Bu yazıda, insanlık tarihinin iki önemli dönemi olan Eski Mezopotamya ve Antik Yunan dünyasındaki çocukların toplumdaki yerlerini ve eğitimlerini ana hatları ile aktarmaya çalıştık.

Eski Mezopotamya Toplumlarında Çocuk

Mezopotamya toplumlarında çocuk ileride üstleneceği görevler bakımından ailenin ve toplumun devamlılığının garantisi olarak görülürdü. Babasının iş yerini üstüne alır, üretimin devamlılığını sağlar, anne- babası yaşlandığında onlara bakar ve aileden birisi öldüğünde onu gömüp ardından dini ritüelleri yerine getirirdi.

Babanın çocuk üzerinde sınırsıza yakın bir gücü ve hakkı vardı. Baba borç karşılığında çocukları başka birine rehin olarak bırakabilir, köle olarak satabilir veya evlatlık verebilirdi.

4000 yıllık bir Sümer okulu

Bir çocuk sahibi olmak, özellikle erkek çocuk sahibi olmak bir aile için önemli bir olaydı. Bunun için tanrılara yalvarılır, armağanlar sunulurdu.
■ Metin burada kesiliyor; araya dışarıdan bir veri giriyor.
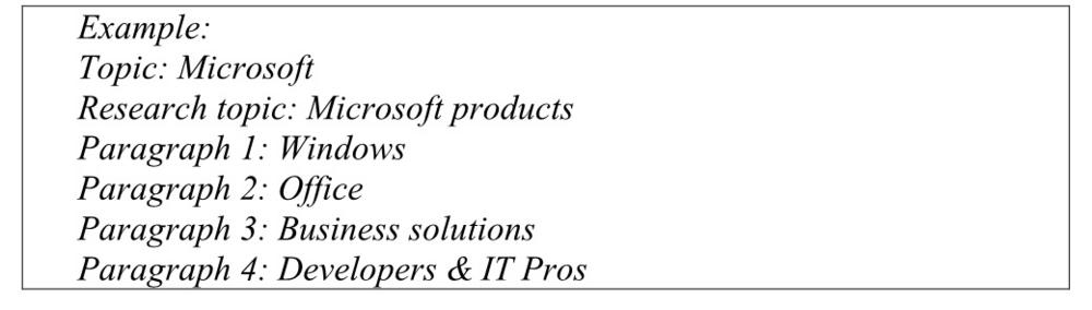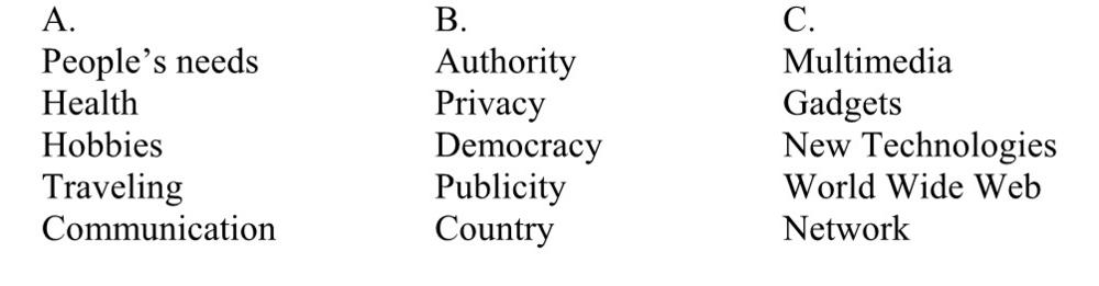 2. Choose one topic from each of three groups. Narrow each of the three down to a research topic. Then think of three-five titles of paragraphs in the research paper. Compare with your partner.
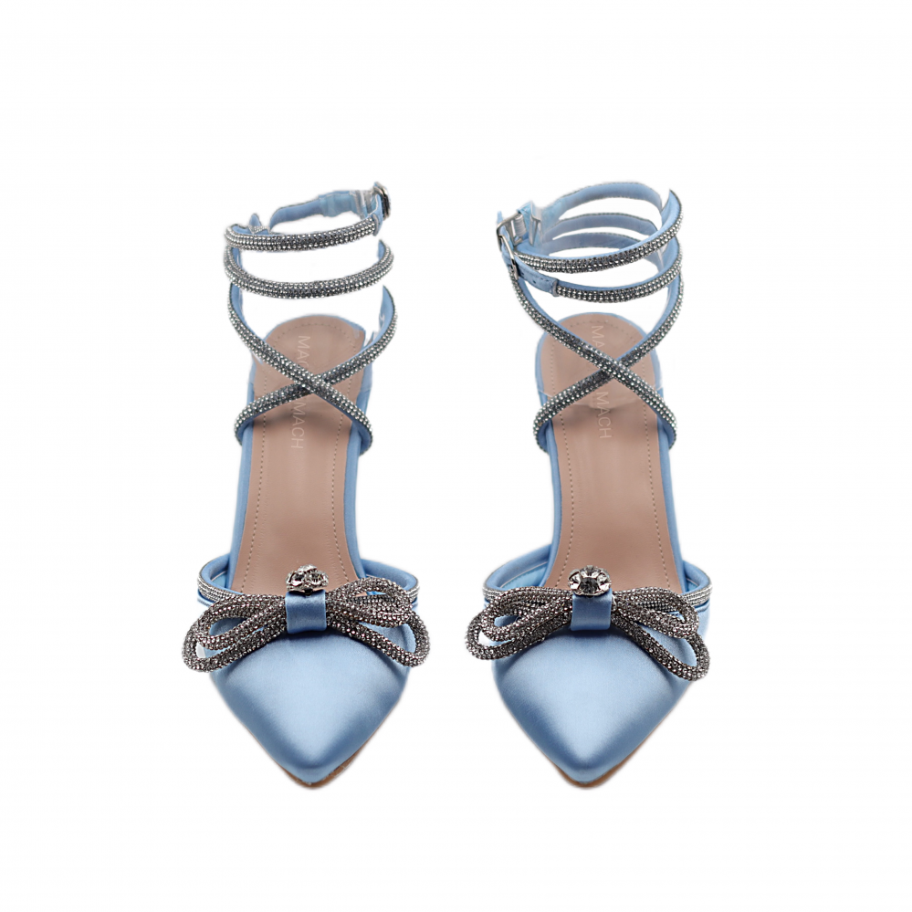صندل حريمي برباط ماخ أند ماخ – لون سماوي من بوتيك حنين. تصميم فاخر يخطف الأنفاس برباطه الأنثوي الأنيق ولمعانه الساحر، مستوحى من أشهر إبداعات دار Mach & Mach. اللون السماوي الهادئ يضفي لمسة راقية ومفعمة بالأنوثة، لإطلالة تخطف القلوب في كل مناسبة.

Doğan çocuklara genellikle dilekler ve tanrılar ile ilişkili isimler veya atalarının isimleri verilirdi.

Çivi yazılı metinler çocuk sahibi olmanın Mezopotamya toplumlarında ne kadar önemli olduğunu göstermekte. Bir Sümer destanı olan ‘’Gılgamış, Enkidu ve Ölüler Dünyası’’ adlı metinde bir insan ne kadar çok çocuk sahibi olursa öbür dünyada o kadar iyi yaşamaktaydı. Çocuk olmaması durumunda erkek ikinci bir eş alabilir veya kadını boşayabilirdi. Bir diğer uygulama ise çocuk sahibi olması yasaklanmış rahibeler evlenirken yanına evlenmemiş genç bir kız alırdı ve kız onun yerine çocuk doğururdu.

Çocukların evlat edinilmesi, miras hakları, ebeveynlerine bakma zorunlulukları, bir borca karşılık teminat olarak gösterilmeleri, satılmaları, kiraya verilmeleri gibi durumlar ve toplum içinde karşılaşacakları bazı sorunlara karşı korunmaları yasalarla belirlenmişti.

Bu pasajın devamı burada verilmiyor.